§ Material to process:
----------

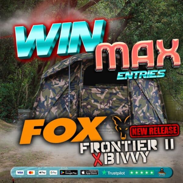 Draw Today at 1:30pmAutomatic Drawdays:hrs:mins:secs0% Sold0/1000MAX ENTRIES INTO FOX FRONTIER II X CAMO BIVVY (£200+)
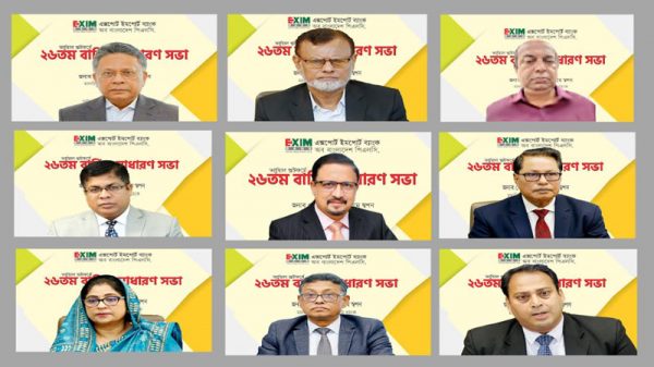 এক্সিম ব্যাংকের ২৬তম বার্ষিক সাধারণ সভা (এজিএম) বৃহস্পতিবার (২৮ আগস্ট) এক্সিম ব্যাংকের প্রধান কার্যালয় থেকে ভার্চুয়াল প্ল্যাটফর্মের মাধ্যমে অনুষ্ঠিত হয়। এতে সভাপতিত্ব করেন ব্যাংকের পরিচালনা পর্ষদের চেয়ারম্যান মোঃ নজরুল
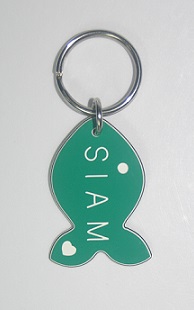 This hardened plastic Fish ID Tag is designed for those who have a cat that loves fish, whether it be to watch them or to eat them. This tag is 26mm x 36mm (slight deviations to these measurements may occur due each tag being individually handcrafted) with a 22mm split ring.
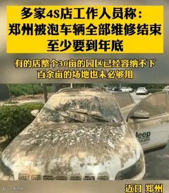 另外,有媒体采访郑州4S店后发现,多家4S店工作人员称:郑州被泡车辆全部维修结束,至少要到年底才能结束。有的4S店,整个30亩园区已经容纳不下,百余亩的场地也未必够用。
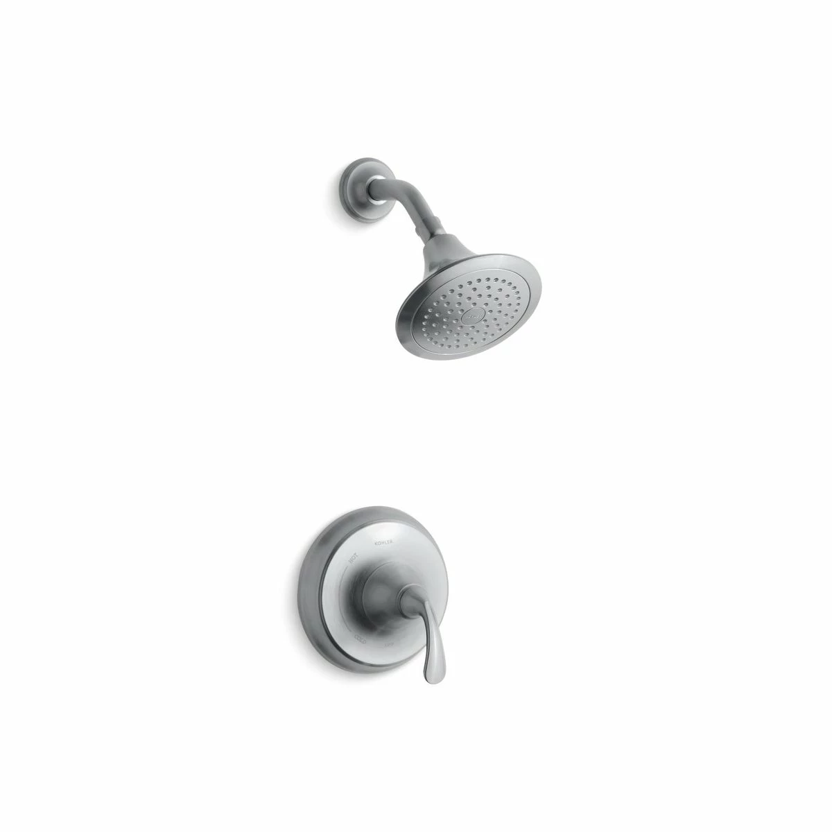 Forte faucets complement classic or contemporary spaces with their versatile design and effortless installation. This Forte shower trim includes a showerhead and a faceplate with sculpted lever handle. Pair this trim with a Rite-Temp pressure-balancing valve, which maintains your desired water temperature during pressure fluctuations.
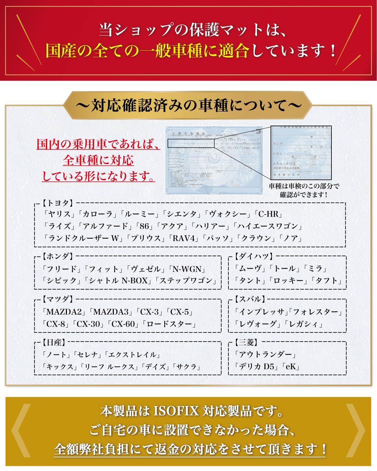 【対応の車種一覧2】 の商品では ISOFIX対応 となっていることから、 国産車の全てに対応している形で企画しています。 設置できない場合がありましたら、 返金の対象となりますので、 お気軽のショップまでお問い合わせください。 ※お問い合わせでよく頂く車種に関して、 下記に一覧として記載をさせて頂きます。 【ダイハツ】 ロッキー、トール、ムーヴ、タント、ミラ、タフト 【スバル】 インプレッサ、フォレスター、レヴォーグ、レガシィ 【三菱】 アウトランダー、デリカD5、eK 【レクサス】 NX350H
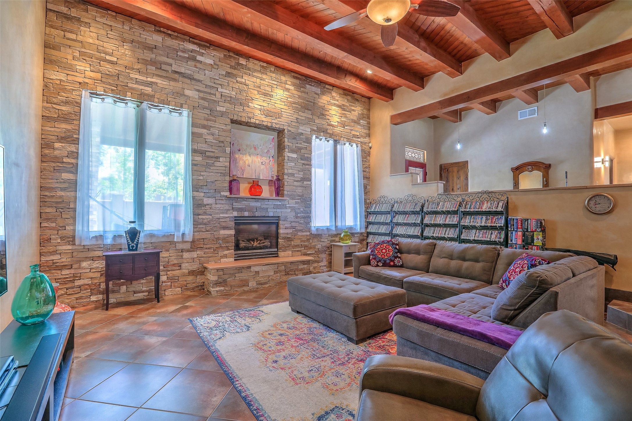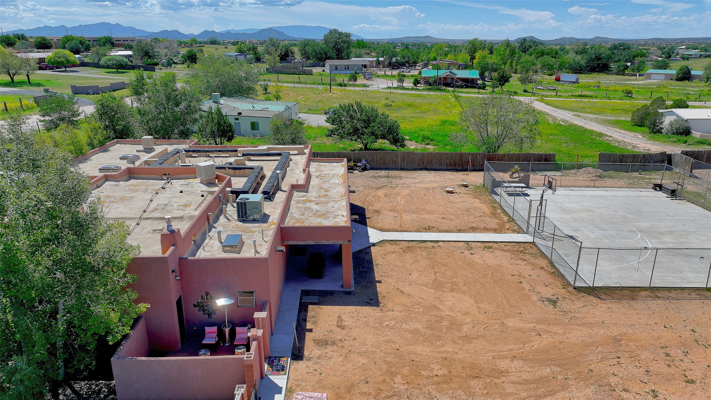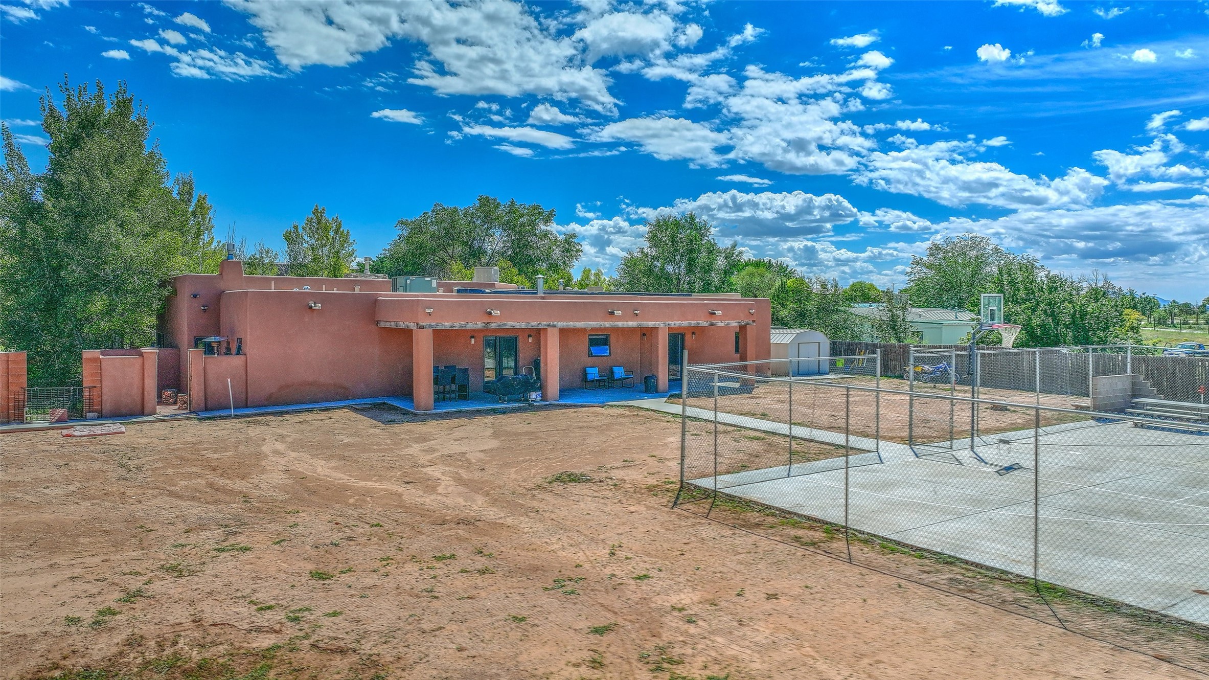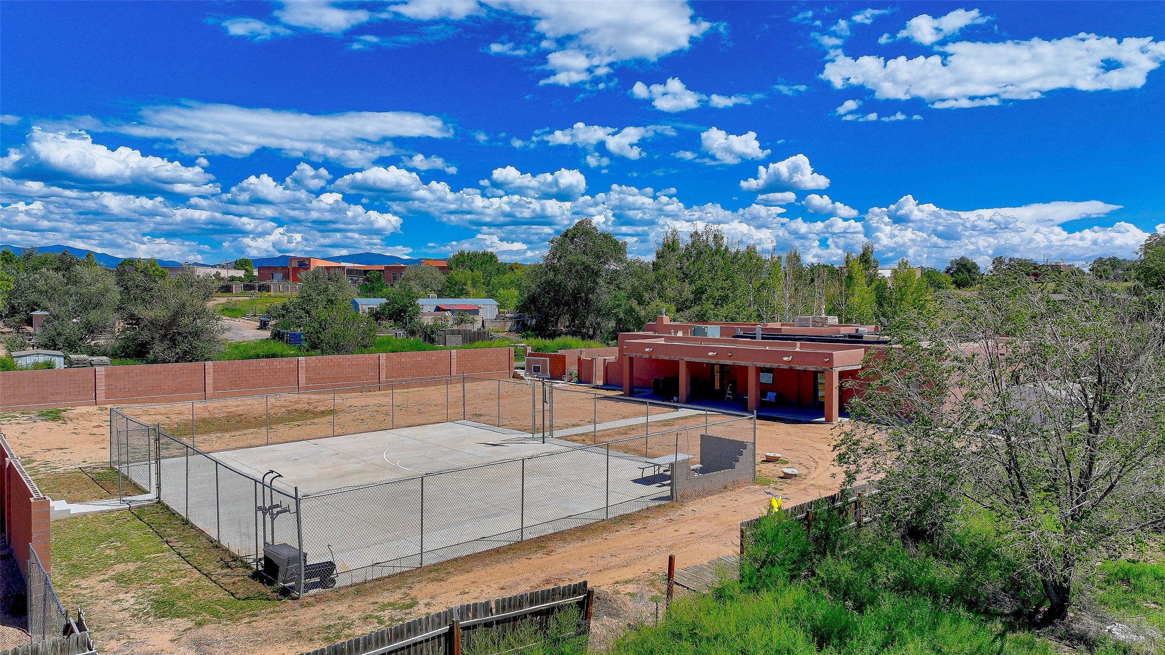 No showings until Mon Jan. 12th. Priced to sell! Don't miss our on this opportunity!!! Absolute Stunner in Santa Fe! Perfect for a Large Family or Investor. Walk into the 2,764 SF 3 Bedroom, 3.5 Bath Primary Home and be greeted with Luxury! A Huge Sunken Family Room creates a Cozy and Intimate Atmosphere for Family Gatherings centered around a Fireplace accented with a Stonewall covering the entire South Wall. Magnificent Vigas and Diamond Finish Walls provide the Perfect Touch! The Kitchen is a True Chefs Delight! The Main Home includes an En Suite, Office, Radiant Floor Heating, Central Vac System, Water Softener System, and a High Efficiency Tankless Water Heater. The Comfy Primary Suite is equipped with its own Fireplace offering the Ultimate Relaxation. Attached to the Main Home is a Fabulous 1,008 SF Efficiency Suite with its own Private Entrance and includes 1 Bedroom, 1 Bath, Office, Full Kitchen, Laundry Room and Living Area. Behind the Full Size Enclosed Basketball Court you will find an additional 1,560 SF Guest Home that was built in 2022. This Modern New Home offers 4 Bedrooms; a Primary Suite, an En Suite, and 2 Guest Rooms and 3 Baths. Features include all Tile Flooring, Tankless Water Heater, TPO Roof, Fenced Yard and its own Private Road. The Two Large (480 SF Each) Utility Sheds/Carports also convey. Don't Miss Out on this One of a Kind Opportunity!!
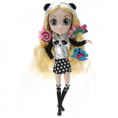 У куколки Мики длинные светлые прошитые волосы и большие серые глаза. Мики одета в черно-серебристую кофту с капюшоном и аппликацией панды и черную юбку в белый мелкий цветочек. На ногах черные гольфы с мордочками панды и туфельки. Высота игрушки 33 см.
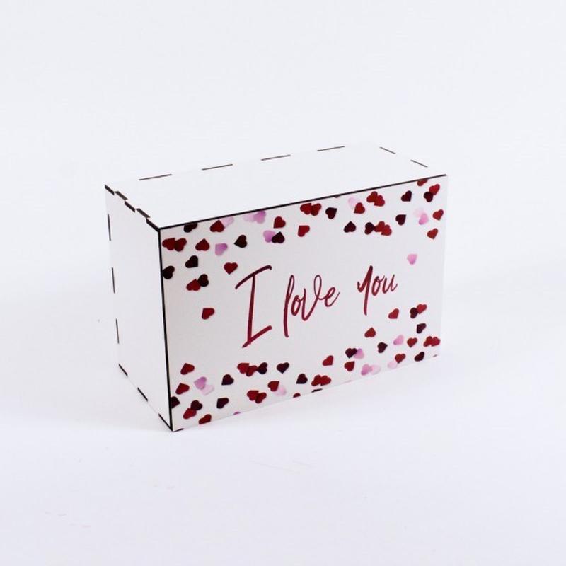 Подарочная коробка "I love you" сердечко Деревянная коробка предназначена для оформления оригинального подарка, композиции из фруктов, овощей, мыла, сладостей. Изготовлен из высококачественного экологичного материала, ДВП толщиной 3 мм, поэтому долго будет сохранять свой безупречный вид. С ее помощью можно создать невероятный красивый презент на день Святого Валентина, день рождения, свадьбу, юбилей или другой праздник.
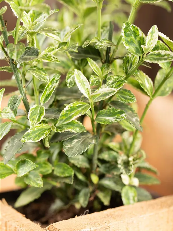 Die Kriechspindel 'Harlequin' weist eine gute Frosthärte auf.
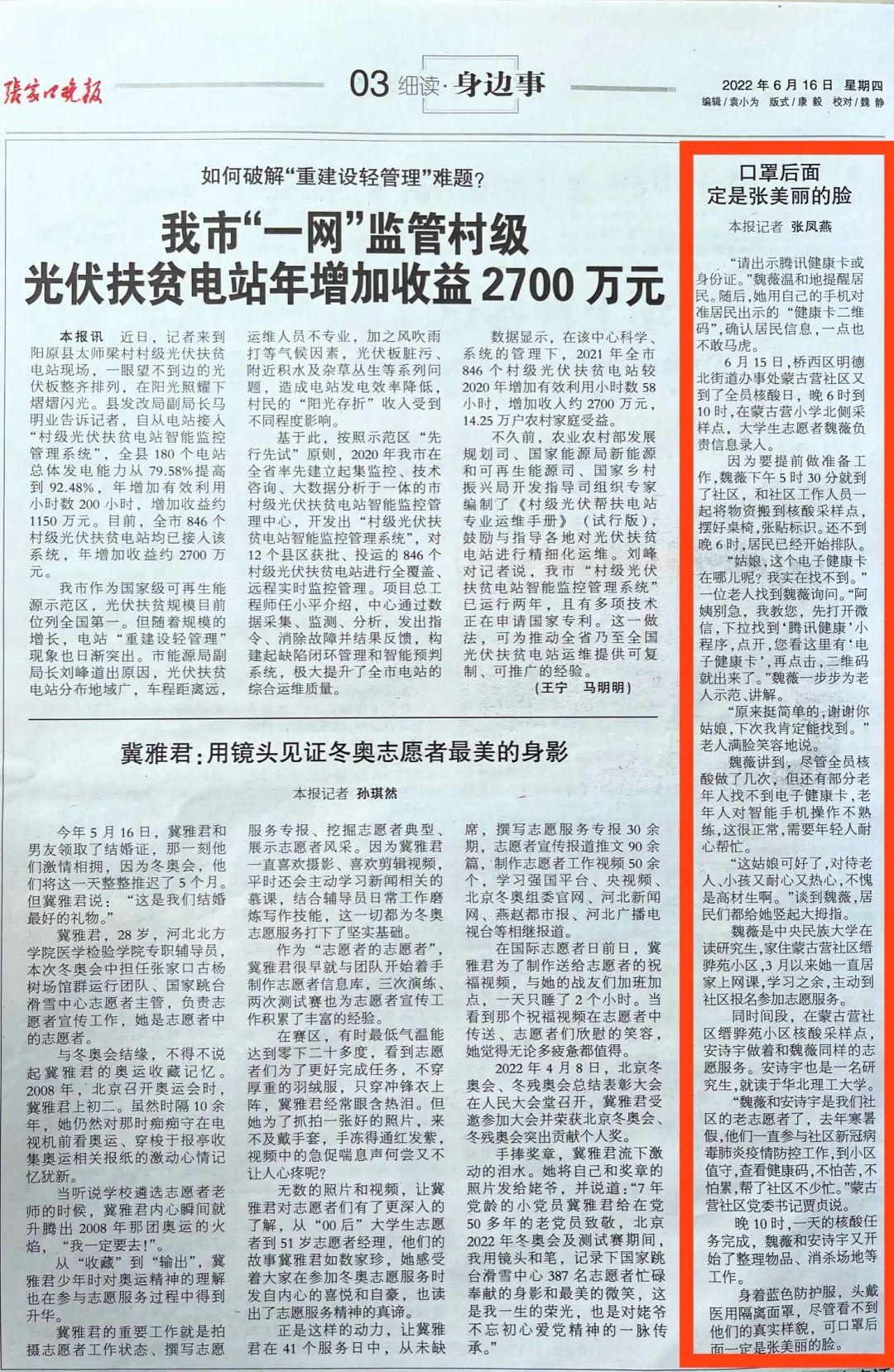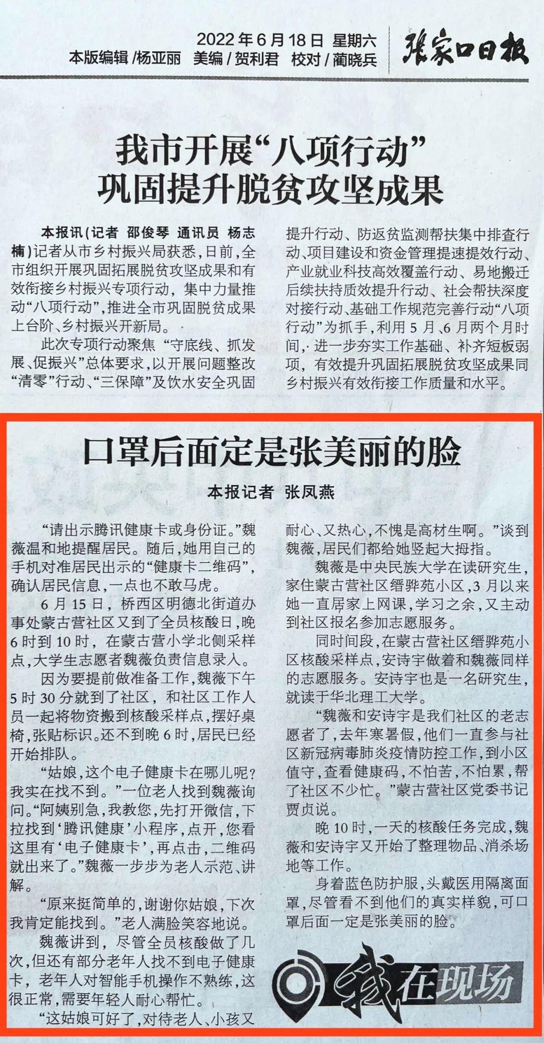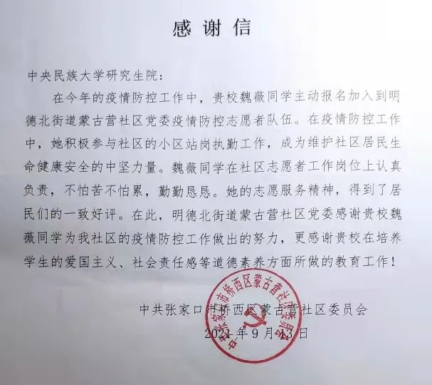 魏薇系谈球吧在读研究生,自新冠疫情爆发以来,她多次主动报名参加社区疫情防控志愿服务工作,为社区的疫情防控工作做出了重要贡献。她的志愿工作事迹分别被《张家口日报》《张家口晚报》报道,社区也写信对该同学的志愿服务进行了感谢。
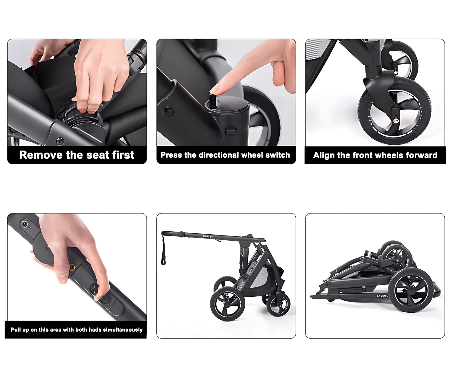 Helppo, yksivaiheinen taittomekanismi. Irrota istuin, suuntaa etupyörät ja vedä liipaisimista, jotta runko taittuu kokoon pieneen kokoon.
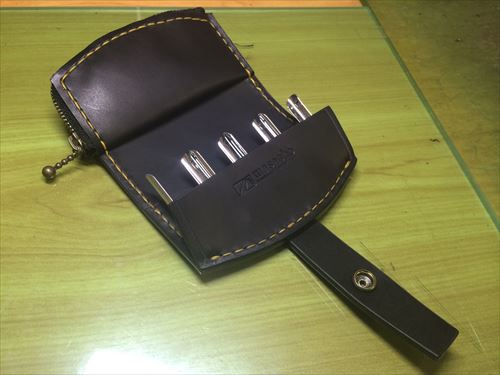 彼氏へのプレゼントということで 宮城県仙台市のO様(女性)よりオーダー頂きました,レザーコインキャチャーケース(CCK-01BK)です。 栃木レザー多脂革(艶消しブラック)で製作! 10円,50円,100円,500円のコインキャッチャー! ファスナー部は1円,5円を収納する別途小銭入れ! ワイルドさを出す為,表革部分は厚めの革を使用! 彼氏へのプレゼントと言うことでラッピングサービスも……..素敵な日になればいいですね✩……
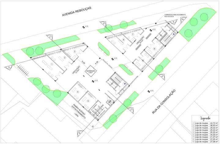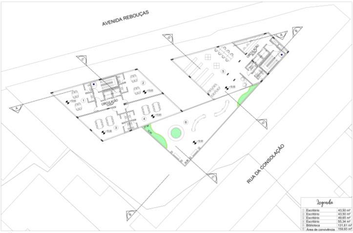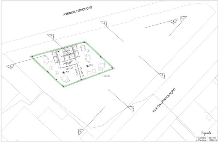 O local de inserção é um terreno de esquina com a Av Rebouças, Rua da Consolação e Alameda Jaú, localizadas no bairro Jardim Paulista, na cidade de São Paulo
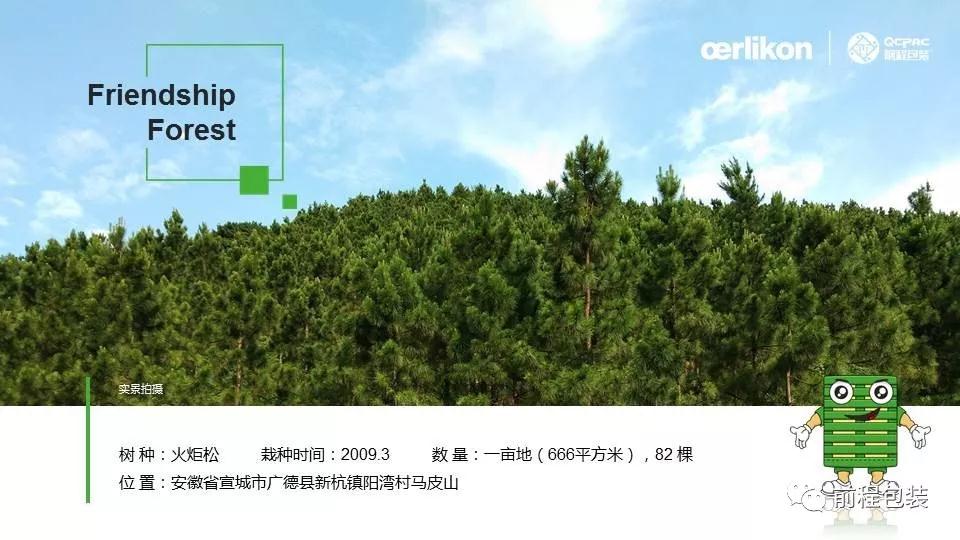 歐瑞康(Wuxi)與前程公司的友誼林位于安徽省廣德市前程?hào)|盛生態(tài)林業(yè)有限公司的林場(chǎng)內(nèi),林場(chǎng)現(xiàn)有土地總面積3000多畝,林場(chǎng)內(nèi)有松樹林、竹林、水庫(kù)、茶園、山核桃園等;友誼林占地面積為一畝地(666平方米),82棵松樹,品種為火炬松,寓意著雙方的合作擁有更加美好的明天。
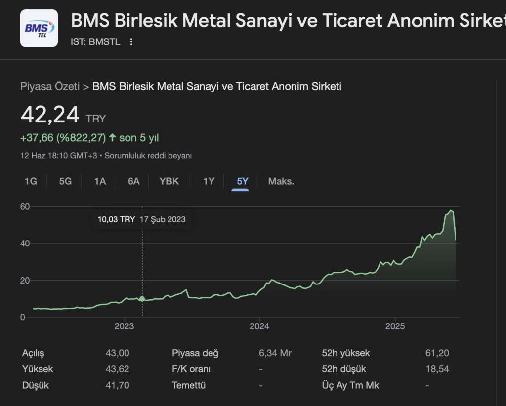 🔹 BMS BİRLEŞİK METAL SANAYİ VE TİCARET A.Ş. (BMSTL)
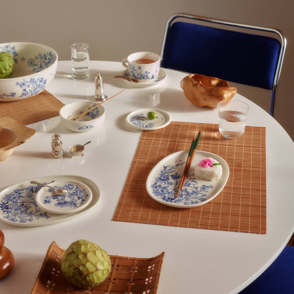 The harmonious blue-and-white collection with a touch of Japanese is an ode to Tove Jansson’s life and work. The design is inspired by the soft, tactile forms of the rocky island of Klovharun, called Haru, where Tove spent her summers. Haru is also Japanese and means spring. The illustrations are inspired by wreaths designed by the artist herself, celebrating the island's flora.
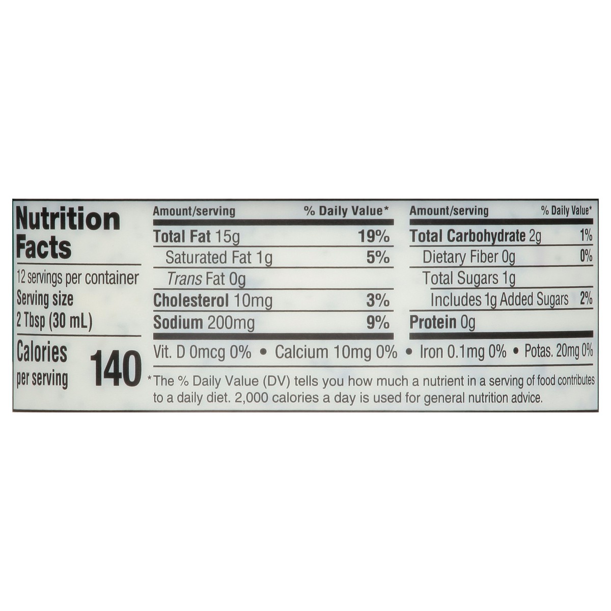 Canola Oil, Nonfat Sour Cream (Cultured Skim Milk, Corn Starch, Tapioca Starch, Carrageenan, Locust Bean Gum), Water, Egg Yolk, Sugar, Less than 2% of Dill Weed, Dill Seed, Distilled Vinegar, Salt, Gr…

----------

§ What is needed: Do not include the pictures. Quote only the lines from the line with "歐瑞康(Wuxi)與前程公司" through the end of the material, both ends included, exactly.

§ Response to this exercise:
 歐瑞康(Wuxi)與前程公司的友誼林位于安徽省廣德市前程?hào)|盛生態(tài)林業(yè)有限公司的林場(chǎng)內(nèi),林場(chǎng)現(xiàn)有土地總面積3000多畝,林場(chǎng)內(nèi)有松樹林、竹林、水庫(kù)、茶園、山核桃園等;友誼林占地面積為一畝地(666平方米),82棵松樹,品種為火炬松,寓意著雙方的合作擁有更加美好的明天。
 🔹 BMS BİRLEŞİK METAL SANAYİ VE TİCARET A.Ş. (BMSTL)
 The harmonious blue-and-white collection with a touch of Japanese is an ode to Tove Jansson’s life and work. The design is inspired by the soft, tactile forms of the rocky island of Klovharun, called Haru, where Tove spent her summers. Haru is also Japanese and means spring. The illustrations are inspired by wreaths designed by the artist herself, celebrating the island's flora.
 Canola Oil, Nonfat Sour Cream (Cultured Skim Milk, Corn Starch, Tapioca Starch, Carrageenan, Locust Bean Gum), Water, Egg Yolk, Sugar, Less than 2% of Dill Weed, Dill Seed, Distilled Vinegar, Salt, Gr…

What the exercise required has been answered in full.